A luz de Penha nasce para todos, mas falta-lhe sombra e água fresca
Adeildo Vieira
O sol nasce
para todos, a sombra é que é privilégio de poucos. Então, viva a generosidade
da artista popular Penha Cirandeira, que junto com membros de sua família
distribui a luz que vem da força do seu batuque e do céu de sua garganta na
“Ciranda Raio de Sol”, nome dado à sua apresentação festeira. Trata-se do som que nasce para todos, irradiado do
sotaque do seu tambor de corda e das melodias traçadas pelo timbre rasgado de
sua voz, que vibra em nosso corpo e leva luz para a alma de todo aquele que se
permita à dança em praças sem fronteiras. Mas a essa mulher falta abrigo que
lhe traga o conforto da justa sombra. Falta-lhe a água fresca capaz matar sua
sede de justiça. Essa artista popular, gigante em sua arte de viver, não foge a
uma regra cruel. Vive de qualquer labuta, menos de sua arte.
Só mesmo quem
viu o vigor dessa cirandeira no exercício de sua “brincadeira” é capaz de
entender a força de uma grande mulher em seu ofício de distribuir alegria. Quem
nunca cantou e tocou um instrumento percussivo ao mesmo tempo também não
entenderá a complexidade desse feito. Penha faz tudo isso com a força que a
vida lhe deu na sua luta pela sobrevivência e que a conduziu - e até hoje
conduz - por difíceis labutas, entre campos e cidades, de roçados à peregrinação de ruas na cata de lixo para
reciclagem. E toda essa história de vida é traduzida na crueza da sua voz, como
uma foice cega capaz de cortar a cana que faz o melhor mel. Foice feita de aço
que não quebra. A voz de Penha ecoa nos ouvidos da nossa existência nordestina.

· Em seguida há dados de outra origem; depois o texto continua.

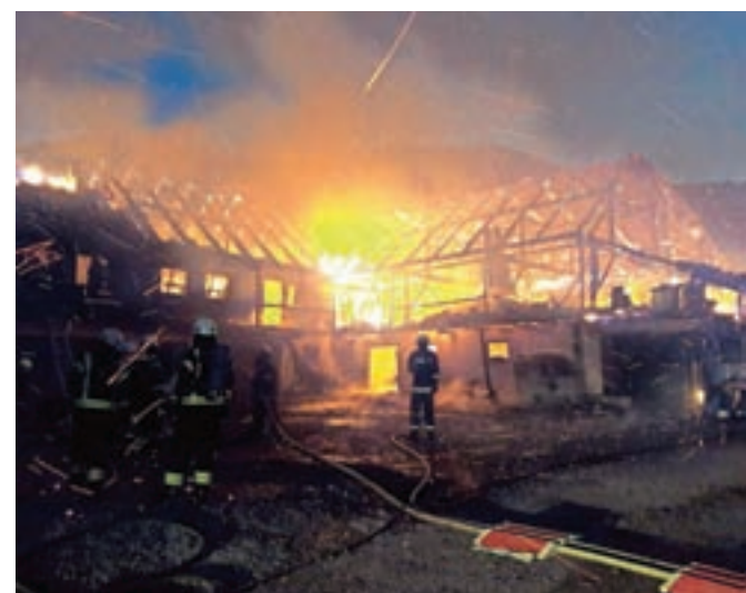
Ko sta prvi ekipi gasilcev iz domačega Podljubelja in Bistrice pri Trziču prispeli do žage, je bila ta že vsa v ognju.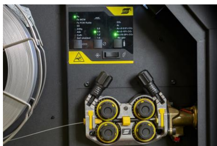
Cel mai bun mecanism de alimentare cu sârmă din clasa sa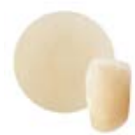
+ Cerâmicas de injeção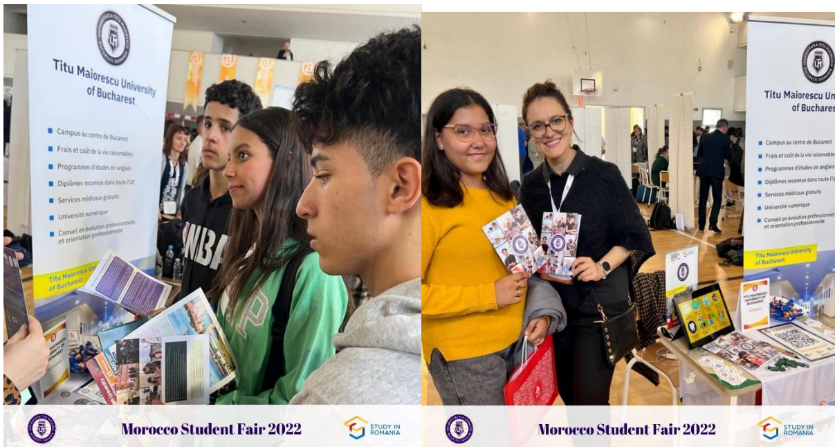
Morocco Student Fair 2022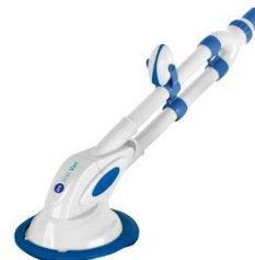
Limpiafondos automático Automatic cleaner 90399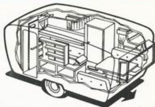
687 kg 4 senger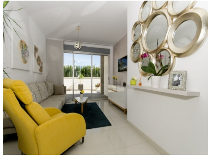
Gemütlicher und heller Wohnbereich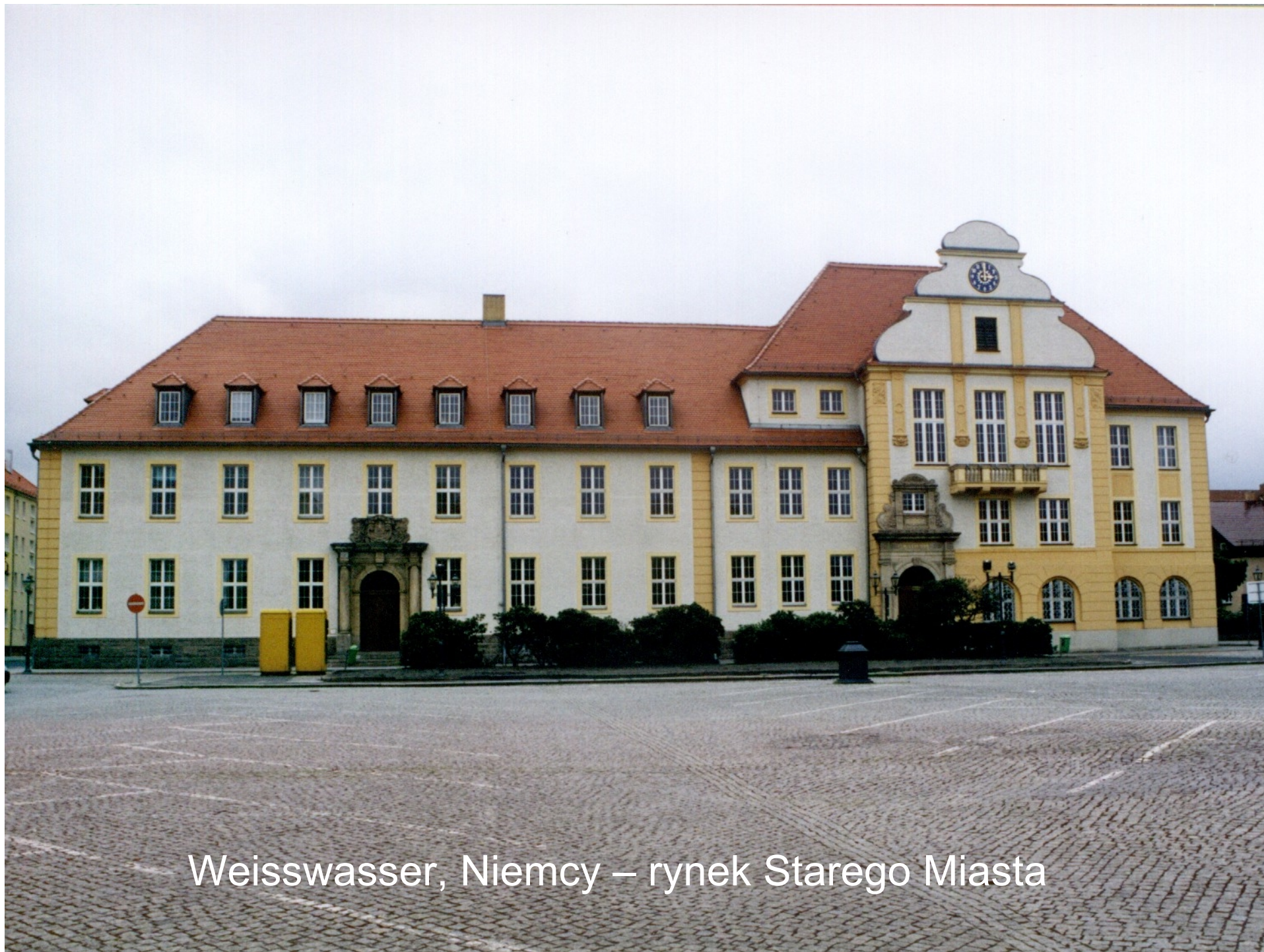
Weisswasser, Niemcy – rynek Starego Miasta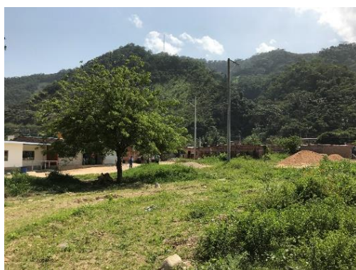
Imagen 2. Vista del predio

Uma existência bailada no coco de roda.
Há uns quatro
anos, eu e o professor da UFPB Carmélio Reynaldo produzimos um CD para
divulgação da obra de Penha Cirandeira. Criamos o selo “Raízes da Alma”, que
resultou no lançamento deste produto, além do CD de Vó Mera, outra maravilhosa
expressão da cena da nossa cultura
popular. O projeto foi patrocinado pela Funjope e pela UFPB. O objetivo
dessa ideia é, não só divulgar, mas trazer mais uma fonte de renda às artistas
do meio popular, onde o foco de luz não chega. O produto é vendido por elas
próprias.
Hoje, ainda
com alguns CDs em mãos, as cirandeiras
clamam por espaço e reconhecimento. Penha, que certa vez já ameaçou
vender seus tambores e aposentar sua iluminada expressão festeira, continua
ganhando a vida em roçados, onde trabalha de aluguel sob os escaldantes raios
de sol, apesar de enfrentar problemas delicados de saúde. Mas, para nossa
alegria, seu tambor ainda soa, batendo com a força renitente de seu coração.
Eis aqui um
convite praquele que ainda não dançou a “Ciranda Raio de Sol” de Penha
Cirandeira. Permita-se cair na dança que evoca todos os cantos da nossa
Parahyba, embalados no coco de roda e na ciranda. Mas, para isso, experimente
convidar essa mulher guerreira e iluminada para enfeitar sua festa. Ou cobre
sua presença em festas públicas. Permita-se a esse deleite e sua festa nunca
mais será a mesma, assim como a vida
dessa mulher cheia de sol.
Pra quem se
propõe a transformar a dureza da vida em bailado, a felicidade urge. No caso de
Penha, há muito que já passou da hora.